Asked why he decided to run, Dover explained, "The mood of the country is to throw the incumbents out. This seems to be the year to do it."
At the time Dover filed, the only Democratic candidate in the race was Thad Bullock, a retired Cape Girardeau businessman who has unsuccessfully sought his party's nomination five times before.
Since there were no seasoned politicians in the race, Dover thought it would be a good opportunity to win the nomination. With the revelations about Emerson's bad checks, Dover now feels other candidates will enter the race before the March 31 deadline.
Dover ran in 1988 and finished fourth in the primary behind Wayne Cryts, Riley Bock and Bullock. Dover believes many of the voters who wanted a working man turned to Cryts instead of him. He is hopeful many of Cryts' 1988 voters will look to him in 1992.
A native of Bell City, Dover plans to travel the 8th District as much as possible the next few months.

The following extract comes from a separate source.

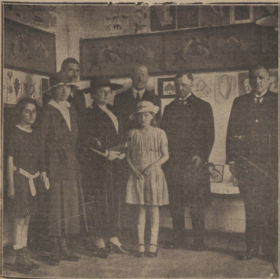
El embajador de Alemania y el director del Colegio Alemán, que asistieron a los festejos celebrados en dicho Centro docente.

Los agresores no pudieron ser detenidos.

The type of primary campaign he runs will depend on whether any other candidates enter the race.
He anticipates a low-budget campaign, since he has decided not to accept contributions from political action committees.
Some of the issues he plans to talk about during the campaign are provisions for a national health care plan, fairer trade arrangements with Japan, increasing the production of ethanol, reducing the influence of PACs, and providing "less foreign aid to countries that don't appreciate it.
"I'm calling myself the people's candidate because I am a factory worker," said Dover. "The average working man needs someone to start working for them. I'm telling everyone to think it over and vote for Dover."